PROBLEM REQUIREMENTS |
Your task is to write out the entire listing exactly, omitting its pictures.

[[ SUPPLIED MATERIAL, beginning ]]

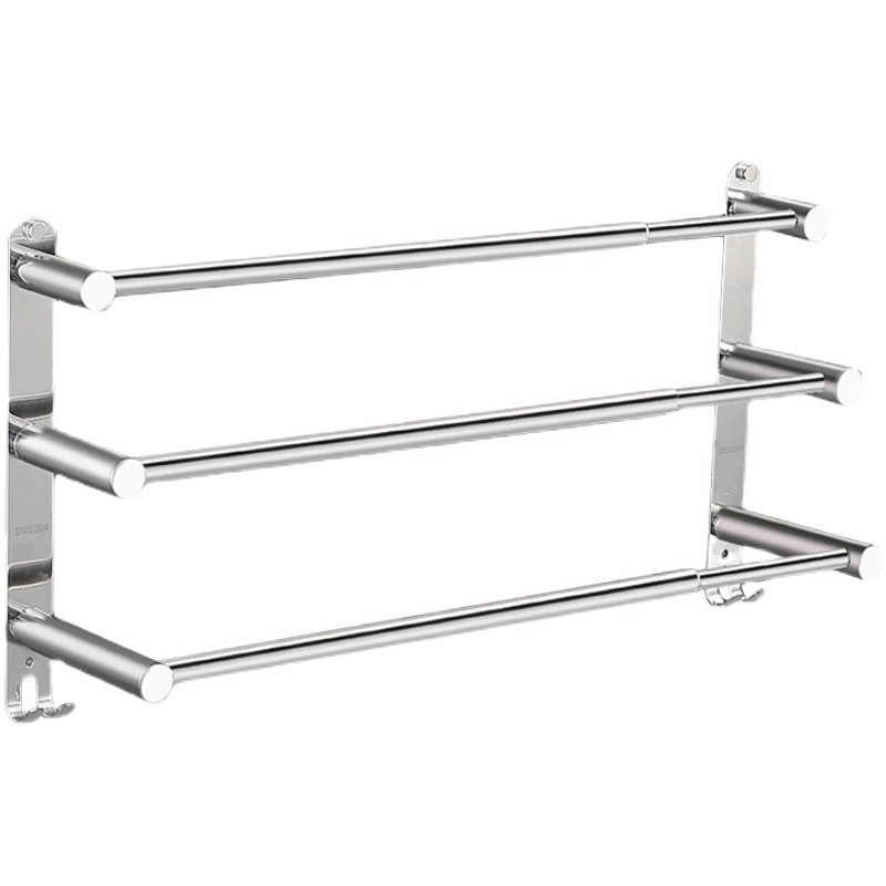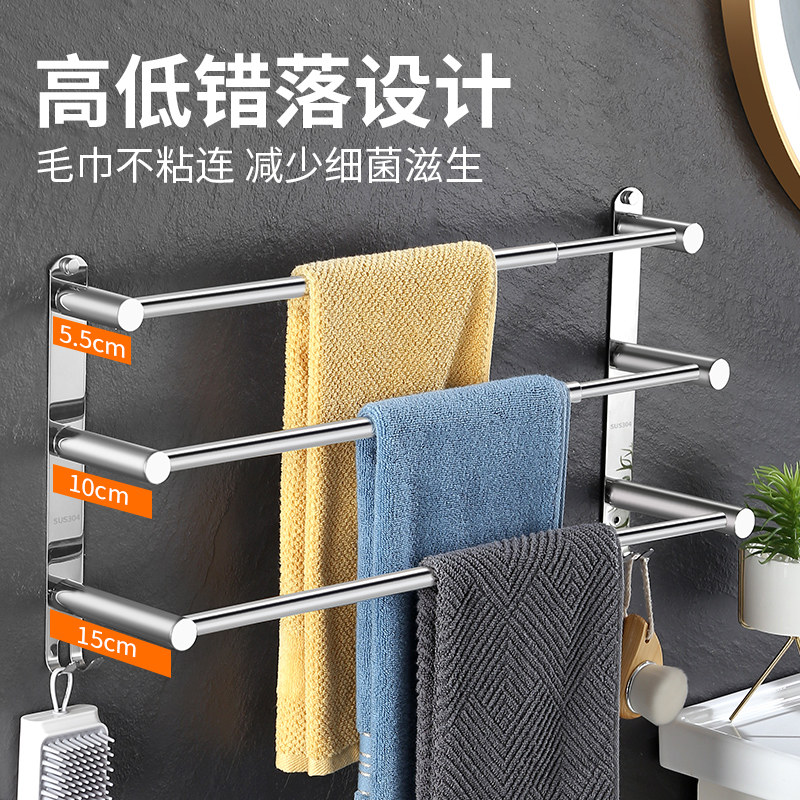 毛巾架卫生间免打孔不锈钢304加厚厕所凉浴室架子可伸缩毛巾杆挂
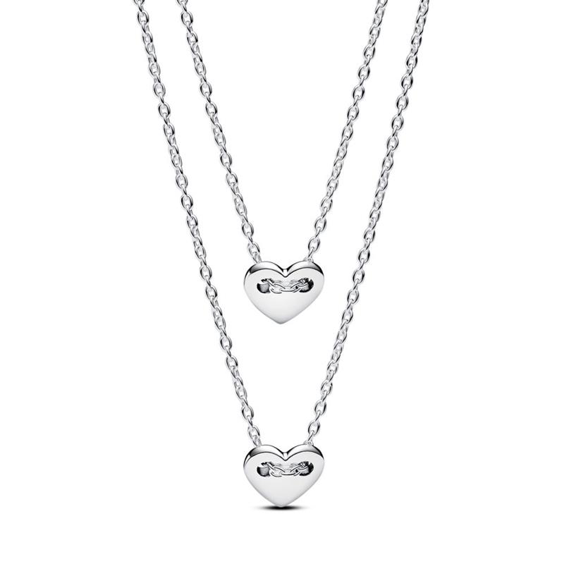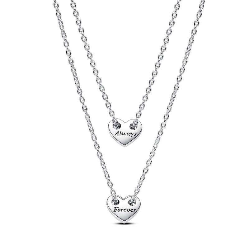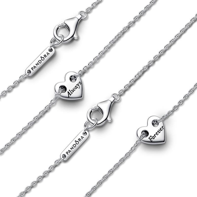 Gargantilla Pandora Doble Divisible Para Siempre para mujer de la colección Día de la Madre 2024 fabricada en plata de primera ley compuesta por una doble gargantilla, ambas acabadas en un colgante en forma de corazón con los grabados "Always" y "forever".
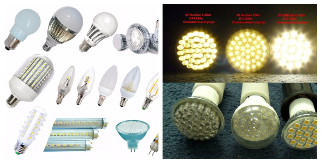 Распространенный вид цоколя ламп – это E27 и E14 (цифры указывают диаметр цоколя). Светодиодная лампа выбирается с таким же цоколем какой был на замененной накальной. Форма ламп может быть самой разнообразной – это круглая, продолговатая, грушевидная. Выбор формы ламп зависит от места ее установки и вашего вкуса.
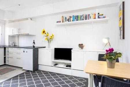 One-Bedroom Apartment. Boasting 1 bedroom and 1 bathroom with a hairdryer, this apartment has a well-fitted kitchen and a seating area. A kitchen fitted with a refrigerator, kitchenware and a toaster is available for cooking and storing food. The apartment features a washing machine, a coffee machine, a wardrobe, a high chair for children and a flat-screen TV with cable channels. The unit offers 2 beds.

[[ SUPPLIED MATERIAL, end ]]

SOLUTION BELOW |
 毛巾架卫生间免打孔不锈钢304加厚厕所凉浴室架子可伸缩毛巾杆挂
 Gargantilla Pandora Doble Divisible Para Siempre para mujer de la colección Día de la Madre 2024 fabricada en plata de primera ley compuesta por una doble gargantilla, ambas acabadas en un colgante en forma de corazón con los grabados "Always" y "forever".
 Распространенный вид цоколя ламп – это E27 и E14 (цифры указывают диаметр цоколя). Светодиодная лампа выбирается с таким же цоколем какой был на замененной накальной. Форма ламп может быть самой разнообразной – это круглая, продолговатая, грушевидная. Выбор формы ламп зависит от места ее установки и вашего вкуса.
 One-Bedroom Apartment. Boasting 1 bedroom and 1 bathroom with a hairdryer, this apartment has a well-fitted kitchen and a seating area. A kitchen fitted with a refrigerator, kitchenware and a toaster is available for cooking and storing food. The apartment features a washing machine, a coffee machine, a wardrobe, a high chair for children and a flat-screen TV with cable channels. The unit offers 2 beds.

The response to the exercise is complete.